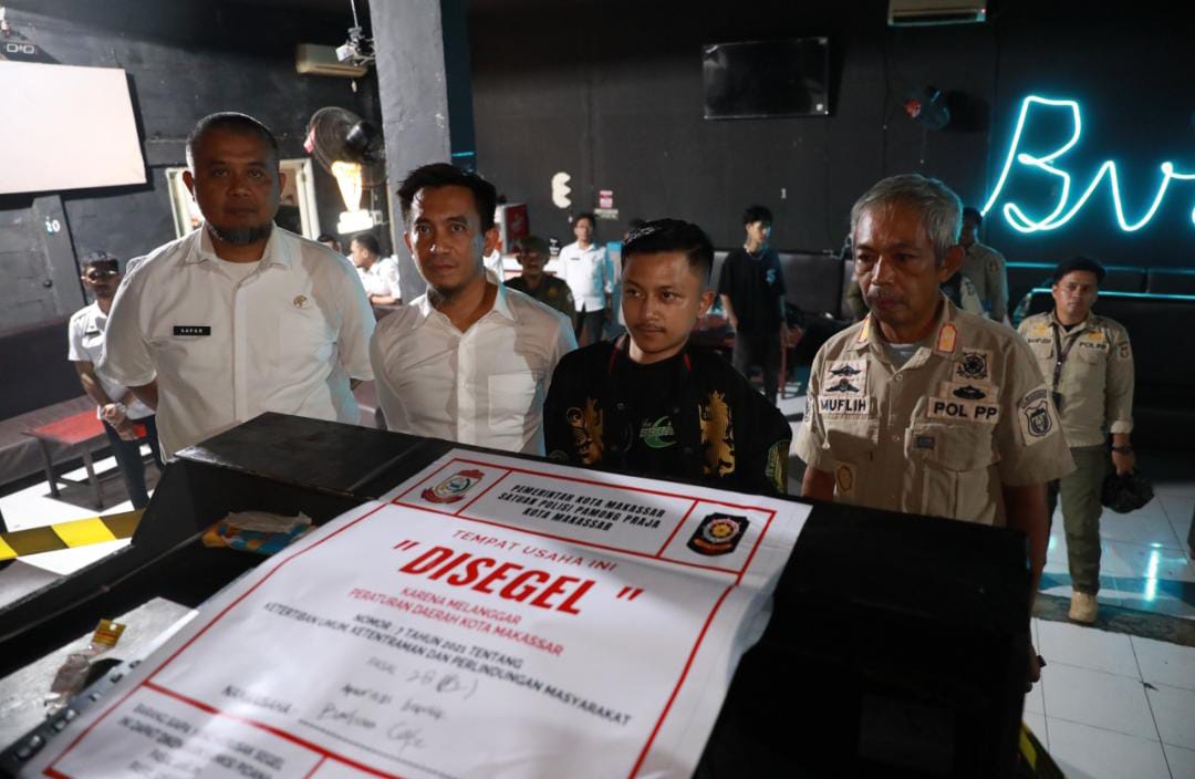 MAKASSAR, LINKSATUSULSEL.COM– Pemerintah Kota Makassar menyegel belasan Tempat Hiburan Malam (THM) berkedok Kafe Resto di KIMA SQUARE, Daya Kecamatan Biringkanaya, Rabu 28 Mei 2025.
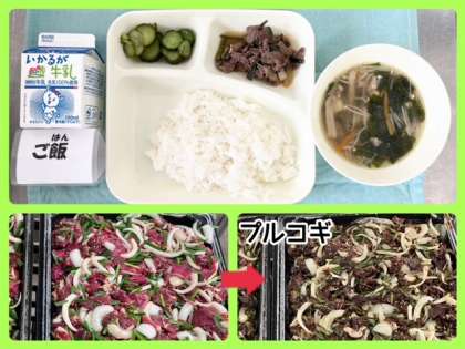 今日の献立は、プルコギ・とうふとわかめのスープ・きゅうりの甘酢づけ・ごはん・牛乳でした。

+-------+

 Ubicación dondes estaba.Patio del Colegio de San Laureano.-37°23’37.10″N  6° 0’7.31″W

+-------+

**Your assignment**: From the material above, reproduce only what runs from the line holding "MAKASSAR, LINKSATUSULSEL.COM– Pemerintah" down to the line holding "今日の献立は、プルコギ・とう", both included, pictures excluded.

**Response to the task**:
 MAKASSAR, LINKSATUSULSEL.COM– Pemerintah Kota Makassar menyegel belasan Tempat Hiburan Malam (THM) berkedok Kafe Resto di KIMA SQUARE, Daya Kecamatan Biringkanaya, Rabu 28 Mei 2025.
 今日の献立は、プルコギ・とうふとわかめのスープ・きゅうりの甘酢づけ・ごはん・牛乳でした。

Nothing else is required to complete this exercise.